## Spartacus

Ok! I have calculated the base probabilities. Code is here if you dare:

https://github.com/PaulMurrayCbr/Spartacus.git

Next problem is working out how to navigate the tree of possible situations.

A battle situation is a defender attack/defense and a attacker attack/defense. There are 1296 possible situations, which is a pretty manageable number.

Each situation has a probablility of being a *loss* for the defender. The probability is equal to the probability of the loss given each number of possible hits, multiplied by the probability of getting that many hits.

If the number of hits is zero, you havben’t lost. Probability zero (whew!).

If the number of hits is more than your total amount of dice minus two (because you need to retain at least one attack and on defense die), then the loss probability should you get that many hits is 1. You have lost.

If not, then run through each way that you can distribute the hits, and then reverse the attacker/defender situation. Pick the highest loss probability of these sitiations. That’s the move you should make, and your loss probability for that many hits is the 1-p of the reversed situtation.

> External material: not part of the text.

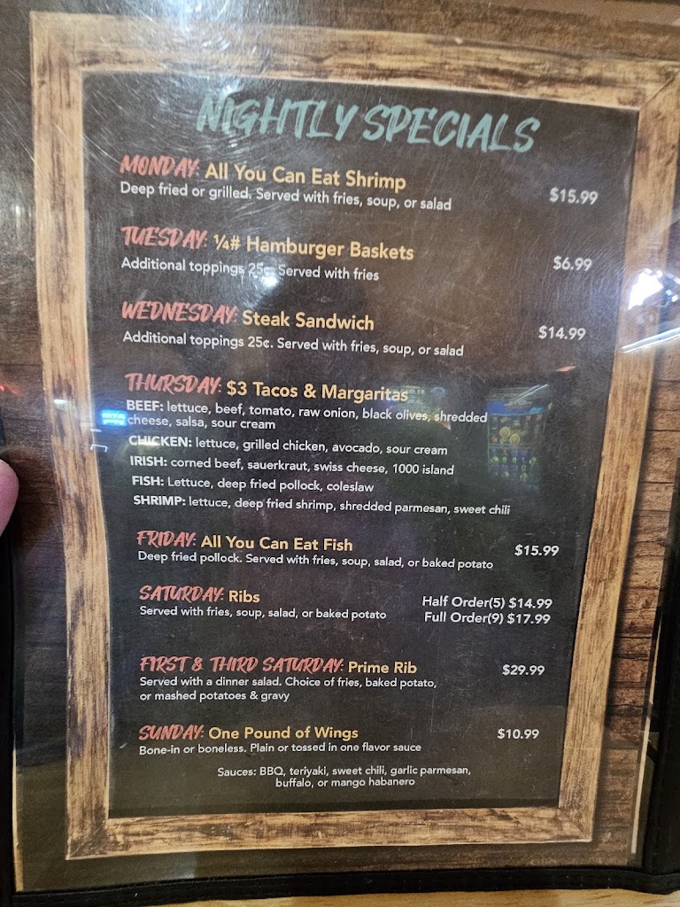 This place is a hidden gem. We were headed to Drummond to go camping Friday night and stopped on the way. Fish Fry was the best I've ever had, and we hit everywhere during Lent. Atmosphere was upbeat and these servers were serving and bartending and running food and were absolutely great. I never leave reviews, but I've worked in the restaurant industry for 20+ years and when it's good. It's worth mentioning and it was. All around.

Now, this sounds staggeringly recursive, but it isn’t because as you calculate these situation probabilities you cache them. So meh. So how do we work out in what order to calculate these situations, such that for every situation we know that the reverse situation has already been done?

Well, one way is to order the situations by total number of dice.

The other way is to write it recursively, use caching as a recursion short-cut, ant let the algorithm do it in whatever sequence it prefers. That’s the easy way and that’s the way I’ll do it.

The remaining problem is: how to exhibit the results? Well, hopefully there will be a general rule eg: “if you have more dice than your opponent, take it off defense, else take it off attack”. Discovering that general rule is the point of the exercise.

Wrong, wrong, wrong.

If the number of hits is zero, then the probability of loss is the 1-p probability of loss for the reverse situation. The problem is that there’s a probability that the reverse situation will also have zero hits, and this creates an infinite recursion if we do it recursively.

Of course, we are crating a Markov Chain. Or network. I’ll have to look into it a trifle more closely.